Problem to solve => Reproduce only this stretch of the listing below: from the line with "Featuring a red" through the line with "早乙女 波とぶさんの総格は27画の3点", exactly as written, with pictures excluded.
━━━━━ Given information ━━━━━
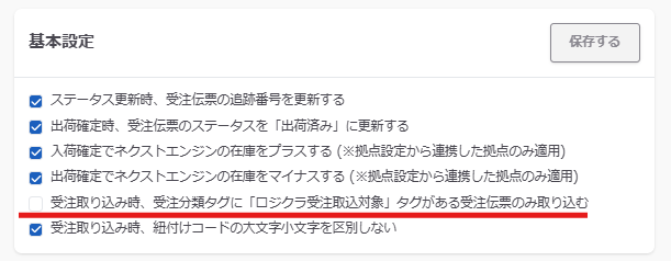 • 受注分類タグ「ロジクラ受注取込対象」を取り込む設定をしている場合、
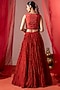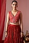 Featuring a red koti in muslin base with a v-neckline and embroidery. It is paired with a chanderi flared skirt. Accentuate it with polki jewellery and heels for festive occasions or sangeet ceremony.
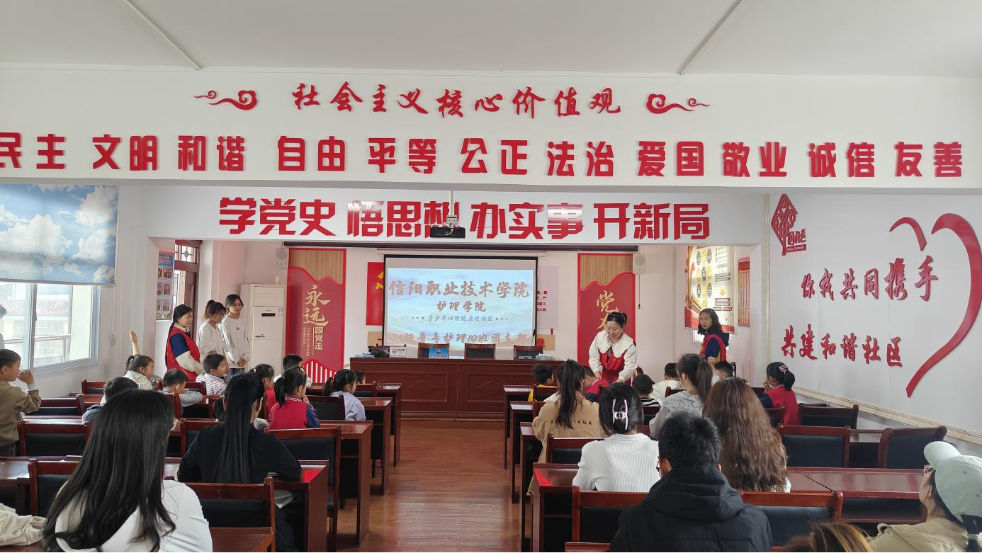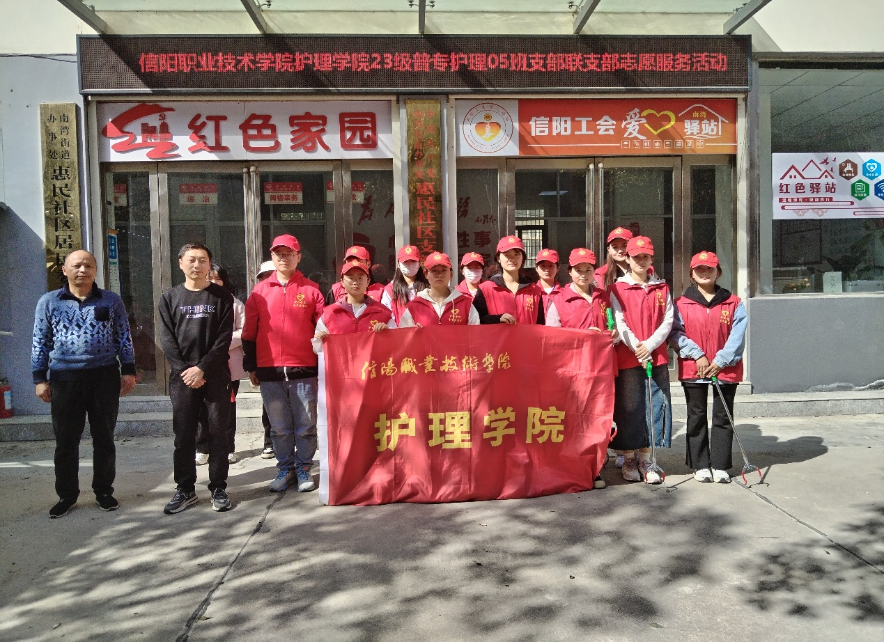23级护理03班团支部来到信阳市红太阳社区开展了“义诊进社区,健康有‘医’靠”志愿服务活动,活动中同学们不仅为社区居民进行健康护理、科普宣传等,而且在活动结束后来到张忠良、李传章等老党员的家里慰问、交流、打扫卫生,获得社区居民的一致好评。
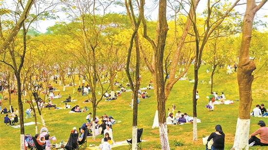 市民在树林中小憩露营 羊城晚报资料图 |
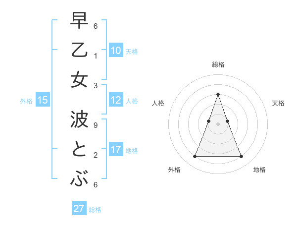 早乙女 波とぶさんの総格は27画の3点
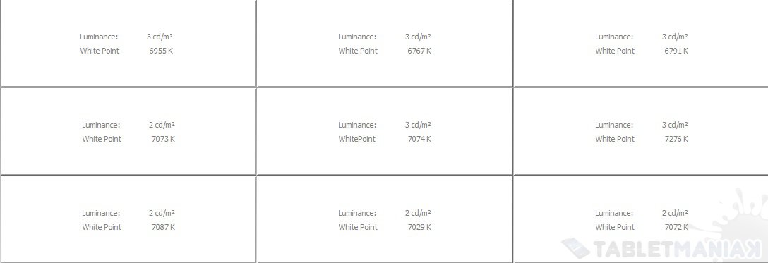 Można mieć natomiast pewne zastrzeżenia co do jasności podświetlenia. Jej maksymalna wartość wynosi zaledwie 255 cd/m2 co odczujemy przede wszystkim próbując używać tabletu na zewnątrz, w słoneczny dzień. Na ekranie dużo wyraźniej widzimy wtedy swoje odbicie niż to co jest wyświetlane. Kwestię regulacji jasności ratuje odrobinę jej dolna granica, która wynosi 3 cd/m2 – to wyjątkowo niska wartość, którą docenimy używając sprzętu w całkowitej ciemności.
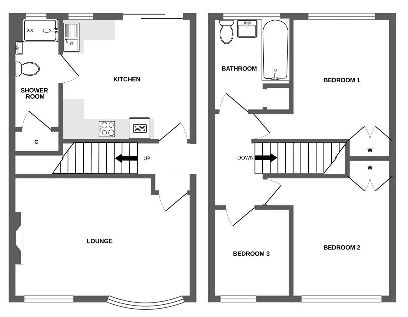 Being fitted with a white suite comprising of a shower enclosure with overhead monsoon soaker, vanity wash hand basin and a low flush W.C. Obscure triple glazed window to rear, under stairs storage cupboard, heated towel rail, metro tiling to splash prone areas, wood effect flooring, ceiling spot lights and space and plumbing for washing machine with work surface over
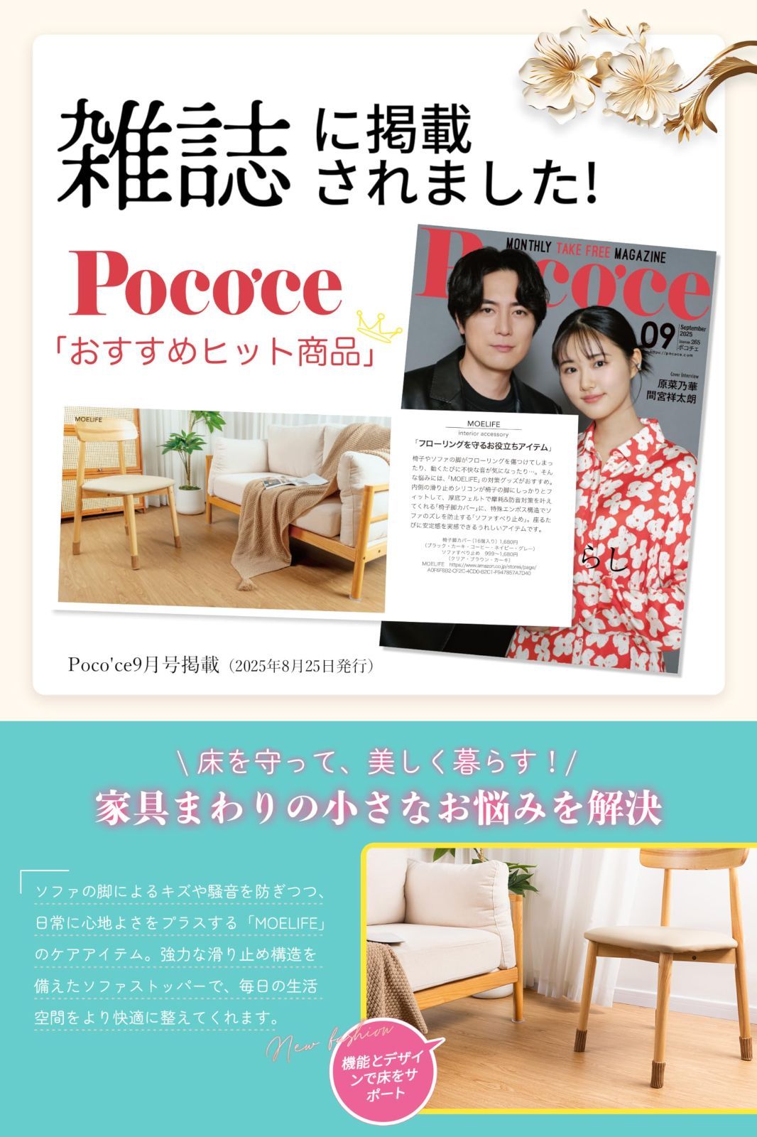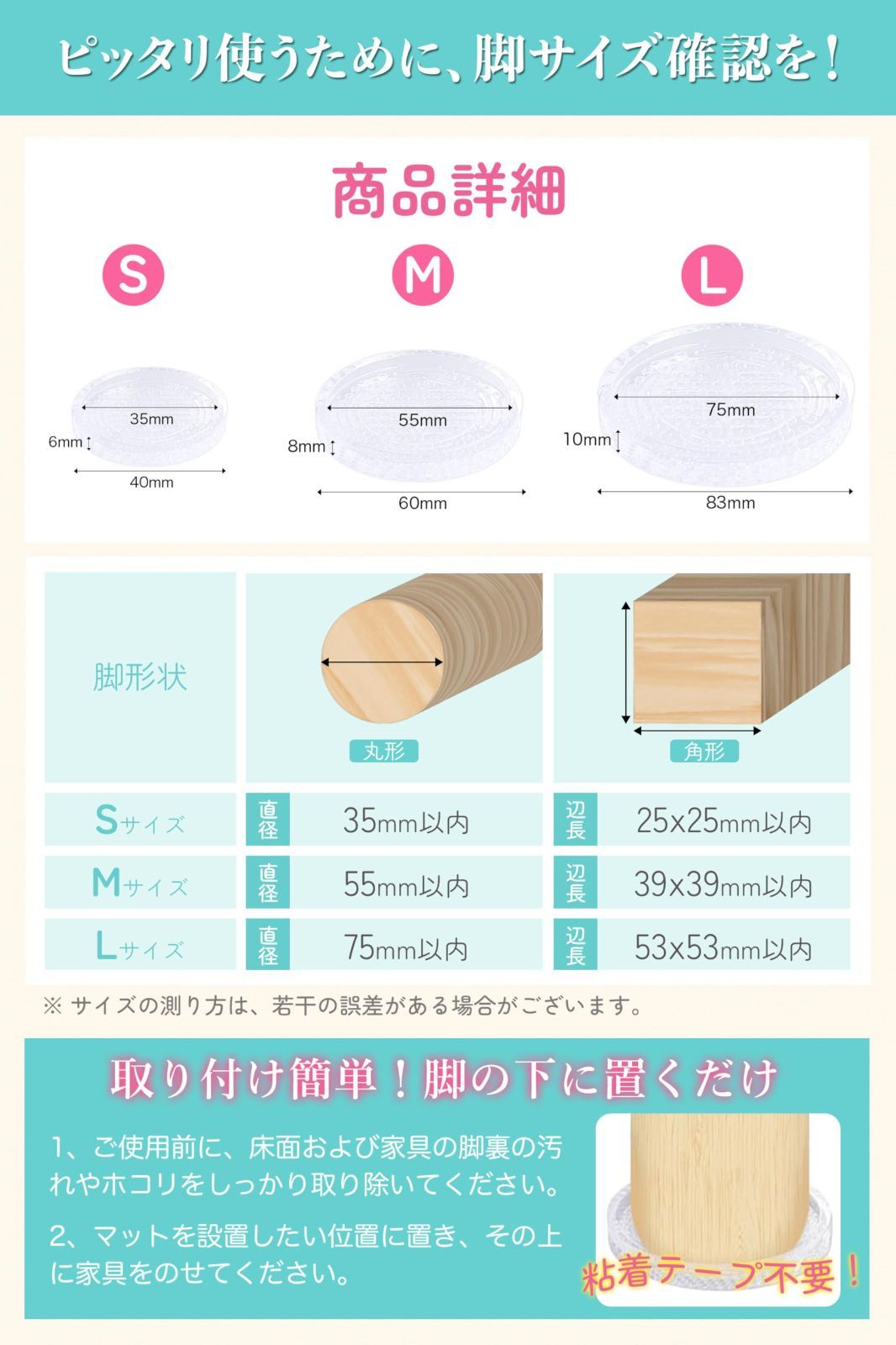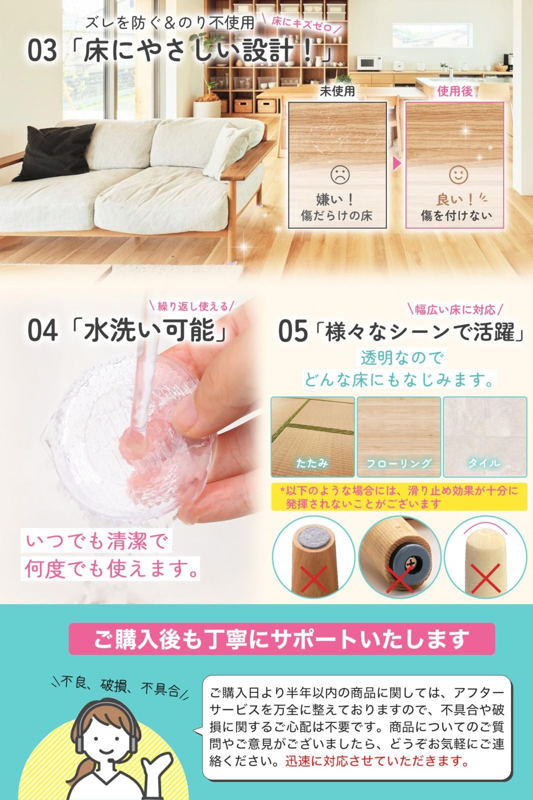 【傷&騒音対策に・賃貸でも使いやすい設計】家具の移動による床の傷や、ズレによる騒音を軽減します。脚の下に敷くだけで、床を保護し、騒音によるストレスもやわらぎます。のりを使わない仕様のため、賃貸マンションなどでも気軽に取り入れやすく、退去時の原状回復対策としても役立ちます
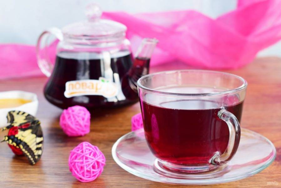 Чай с гибискусом. 1 ст. л. сушеного гибискуса залейте 1 л воды, доведите до кипения, сразу снимите с огня. Дайте настояться в течение 15 минут.
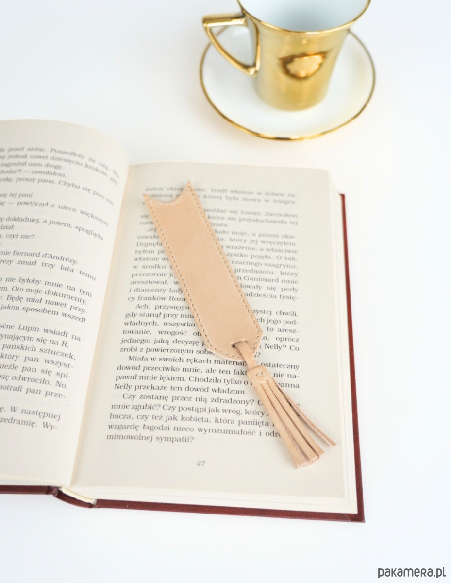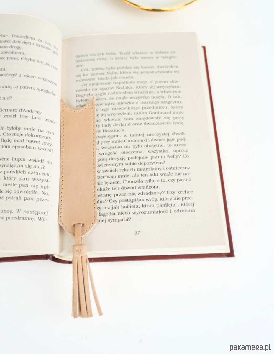 -Beżowa zakładka ze skóry juchtowej – klasyczna, elegancka, nabiera szlachetnej patyny z każdym dniem użytkowania.
━━━━━
Worked solution =>
 Featuring a red koti in muslin base with a v-neckline and embroidery. It is paired with a chanderi flared skirt. Accentuate it with polki jewellery and heels for festive occasions or sangeet ceremony.
23级护理03班团支部来到信阳市红太阳社区开展了“义诊进社区,健康有‘医’靠”志愿服务活动,活动中同学们不仅为社区居民进行健康护理、科普宣传等,而且在活动结束后来到张忠良、李传章等老党员的家里慰问、交流、打扫卫生,获得社区居民的一致好评。
 市民在树林中小憩露营 羊城晚报资料图 |
 早乙女 波とぶさんの総格は27画の3点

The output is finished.